# Initialisierungsschritt?



## TizZeR (3 Juli 2009)

Hallo allerseits, ich hätte da nochmal eine Frage. Und zwar:

Wenn man im GrafCet den Initialisierungsschritt darstellt, allerdings die erste Transition erst NACH dem Init-Schritt steht und der Init-Schritt eigentlich nicht benötigt wird, muss ich den dann trotzdem zeichnen? Weil, dann muss ich ihn ja eigentlich auch nicht programmieren oder doch? In dem Beispiel jetzt mal gesehen:

MfG TizZeR


----------



## Larry Laffer (3 Juli 2009)

Hallo,
ich würde hinter Schritt 3 auch eine Transition einbauen und von dort auf den Init-Schritt springen. Eine Schrittkette sollte immer ein geschlossenes System sein.
Im Übrigen kann die Bedingung um von Schritt 1 nach Schritt 2 zu kommen nicht die gleiche sein, die du benötigst um von Schritt 3 wegzukommen ...

Gruß
LL


----------



## TizZeR (3 Juli 2009)

Also war ja auch nur ganz schnell gezeichnet. Was ich aber wissen möchte, ist ob ich den Init-Schritt wirklich immer zeichnen muss, oder ob ich den, falls nicht benötigt, auch weglassen kann.

MfG TizZeR


----------



## Larry Laffer (3 Juli 2009)

...
du brauchst immer einen Init-Schritt.
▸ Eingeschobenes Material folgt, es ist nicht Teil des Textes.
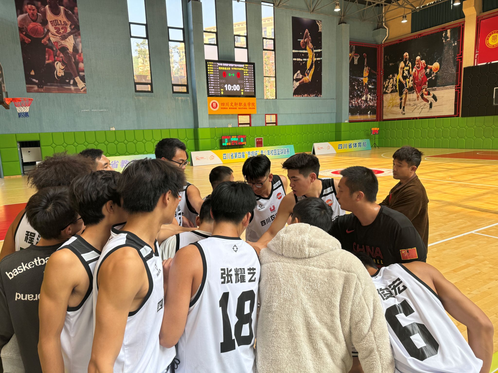 11月27日,由四川省教育厅、四川省体育局、共青团四川省委主办,四川省大学生体育协会执行,四川文轩职业学院承办的四川省第四届“贡嘎杯”青少年校园体育联赛在四川文轩职业学院举行。万象城分配到C组,分别对阵:电子科技大学成都学院、阿坝师范学院、西南科技大学、四川大学锦江学院、成都师范学院、四川大学,以三场胜利取得小组第三的成绩。此次比赛得到各级领导的大力支持,由万象城awc888胡鸣飞老师担任带队教练。万象城全队队员抵达四川文轩学院进行报道,报道后拿到参赛证队员们迅速投入状态,在体育馆进行投篮训练熟悉场地。晚上7点,胡鸣飞教练和谢地队长、达俊宏队长参加了组委会、领队、教练员联席会,了解了比赛禁忌和相关规定后传达给了每一位队员,胡教练也对首发阵容进行分析和布阵,以最好的状态迎接第二天比赛。
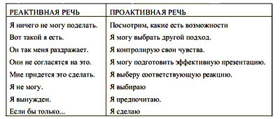 Поскольку наша позиция и поступки проистекают из нашей парадигмы, их тщательный анализ часто может дать представление о природе «карт», лежащих в их основе. Реальным индикатором степени нашей проактивности является, например, наша речь.
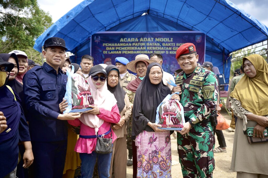 HALLONEWS.COM — Pelaksanaan acara adat Mooli disertai kegiatan bakti sosial dan pemeriksaan kesehatan gratis yang digelar di lahan pembangunan Grup 5 Kopassus berlangsung aman dan lancar, Kamis (6/11). Kegiatan berlangsung di Gerbang Batas Desa Ambesea–Lalonggombu, Kecamatan Laeya, Kabupaten Konawe Selatan, mulai pukul 08.30 hingga 10.30 WITA.
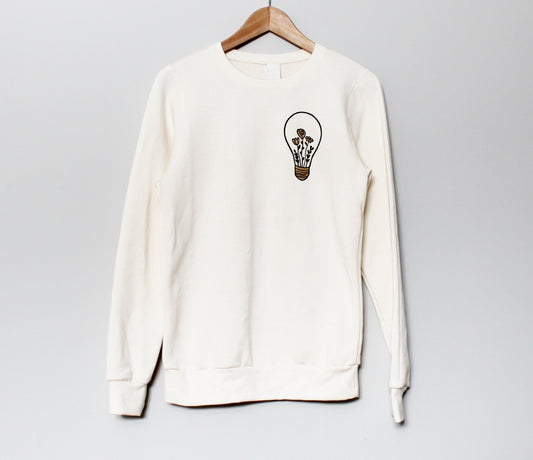 Floral graphic UNISEX sweatshirt, hand painted light bulb with gold flowers, natural organic bamboo sweater, ethical fashion
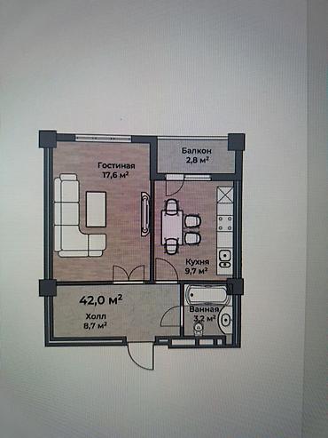 1 комната, 42 м², Элитка, 6 этаж, Готовая ПСО (под самоотделку)

Dieses ist der Schritt, in dem sich die Schrittkette z.B. nach dem Einschalten der Steuerung befindet - irgendwo fängst du ja mal an ...


----------



## TizZeR (7 Juli 2009)

Hmm... ja gut weil da war mein ausbilder sich auch nicht so sicher... aber wenns denn so ist... Danke ne.

MfG TizZeR


----------